By entering into this Agreement, you will become one of the registered broker dealers assisting in the Offering referred to in Section 1(ii) of the Placement Agency Agreement (a “Selected Dealer”). Further, by your acceptance of this Agreement you agree to act in such capacity and to use your best efforts, in accordance with the following terms and conditions, to find purchasers for the Shares. You hereby confirm that you are a member in good standing of the Financial Industry Regulatory Authority (“FINRA”).

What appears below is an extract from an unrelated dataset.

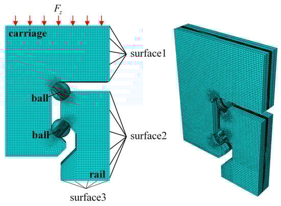 In practical operation, the rail is secured to the machine bed by bolts; therefore, as shown in Figure 6, a fixed boundary condition was assigned to the bottom surface of the rail (Surface 3). Symmetry constraints were applied to the symmetry planes of the carriage and rail (Surface 1 and Surface 2), and the vertical load was equivalent to a uniform pressure applied to the top surface of the carriage. The contact between the balls and raceways was defined using the “surface-to-surface contact” property. Tangential behavior was governed by the penalty method with a friction coefficient of 0.002, while normal behavior was modeled using “hard contact.” Preload was simulated via an interference fit between the balls and raceways. Within the “contact interference” option in ABAQUS, the initial interference was gradually removed during the first analysis step to establish a stable preloaded state. In this section, a medium preload level (12 μm) was adopted for both the analytical and FEA calculations. To balance computational accuracy and efficiency, the model primarily employed eight-node linear hexahedral reduced-integration elements (C3D8R), which exhibit superior performance in resisting shear locking when calculating contact pressure distributions. A small number of wedge elements (C3D6) were utilized in irregular transition regions. To verify mesh convergence, contact region mesh sizes of 0.1 mm, 0.05 mm, and 0.025 mm were tested. The results indicated that the fluctuation in maximum contact stress was less than 1.8% when the mesh was refined from 0.05 mm to 0.025 mm; thus, 0.05 mm was determined as the optimal mesh size.

1. Agreement to Act as a Selected Dealer. Selected Dealer hereby agrees to solicit, as an independent contractor and not as the agent of the Placement Agent or of the Company (or any of their respective affiliates), persons acceptable to the Company to purchase the Shares pursuant to the subscription agreement in the form attached as an exhibit to the Registration Statement (the “Subscription Agreement”) and in accordance with the terms of the Prospectus and the Subscription Agreement. Selected Dealer hereby agrees to use its best efforts to sell the Shares for cash on the terms and conditions stated in the Prospectus. Nothing in this Agreement shall be deemed or construed to make Selected Dealer an employee, agent, representative or partner of the Placement Agent or the Company, and Selected Dealer is not authorized to act for the Placement Agent or the Company or to make any representations on their behalf except as expressly set forth in the Prospectus and such other authorized sales materials furnished to Selected Dealer by the Placement Agent, provided that the use of such authorized sales materials has been approved for use in advance by the Company and all appropriate regulatory agencies.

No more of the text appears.